The high-handed, jackboot responses may please the animal instincts of those members of the public who are used to dealing with black people by punishing them. But we now live in a constitutional democracy where even protesters must be treated within the confines of the law.

If the police acted ultra vires, then it is very difficult to separate whoever authorised their entry into campus from their vile actions. The University Council must investigate in the same way that the management has not been hesitant to investigate student transgressions.

Since the eruption of the #Rhodes MustFall movement, the university administration seems to think that it will ride out the student protest or simply punish the students into silence.

History tells us that you do not deal with the anger of black students by thinking that you can ride it out or deny them or simply turn a blind eye.

Students may be quiet for a moment, as they have been over the past few months. That may have lulled the university into a false sense of stability, but “like birds in the cornfields” unhappy students will keep reappearing.

 And so here are a few proposals.

First, we need an inquiry into the decision to call police on to our campus.

Second, students need to be given more meaningful representation in the governing structures of the university. There is no other institution in which the main constituents have such little say or representation in its governing structures.

Third, our universities are still run along the lines of ancient institutions such as the Senate, as if we are in Rome.

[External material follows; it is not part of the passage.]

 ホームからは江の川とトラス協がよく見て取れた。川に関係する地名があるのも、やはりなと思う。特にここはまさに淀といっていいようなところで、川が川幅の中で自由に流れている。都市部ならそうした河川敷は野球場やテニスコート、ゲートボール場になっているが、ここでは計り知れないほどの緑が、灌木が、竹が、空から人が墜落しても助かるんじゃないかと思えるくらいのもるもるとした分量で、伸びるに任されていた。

As William Clarke put it in his magisterial book on the history of the research university, Academic Charisma and the Origins of the Research University, feudalistic practices such as nepotism still predominate at the universities.

In South African universities these are simply racialised. Max Weber described them as prebendalism, where the personal and the institutional are so intermeshed that no one is able to make a distinction.

Racial prebendalism reigns supreme in the predominantly white universities in South Africa.

Fourth, not long ago this selfsame Senate voted to downgrade race in admissions in favour of economic disadvantage.

Well, if the professors love the poor so much, then they should forgo annual increases and bonuses next year. How about that as a test for liberal hypocrisy?

Finally, perhaps the time has come for Max Price and his team to step down. Throughout this past year I have been asking myself why he could not have intervened in the politically savvy manner that Adam Habib has shown in dealing with similar problems at Wits?

UCT has been vacillating from crisis to crisis without any plan of action. If Price and his team are overwhelmed by the current mix of students and their demands, then they should simply fall on their swords and resign.

Let me hasten to say I have called on presidents – both Thabo Mbeki and Jacob Zuma – to resign in the past. I see no reason why I should not issue such a call on the leadership of such a vital institution in our country’s future.

I predicted trouble when the university decided to do away with race in its affirmative action policies.

I appeared in front of the University Council and told them they were playing with fire, that it was dangerous to be swayed by the largely white letters to newspapers in making its decision on such a grave matter, which may well have been the same pressures that led the university to bring the police on to campus. The university has a wider constituency than the letter writers.

 I also warned the Council and the vice-chancellor that the instability could ultimately lead to the government intervening to impose an administrator.

Two years later, I don’t think the university has ever been closer to that possibility. The more it resists the leadership change on its own terms, the greater are the chances of such a takeover.

I so wish they had listened to me.

* Mangcu is an associate professor of sociology at UCT.

** The views expressed here are not necessarily those of Independent Media.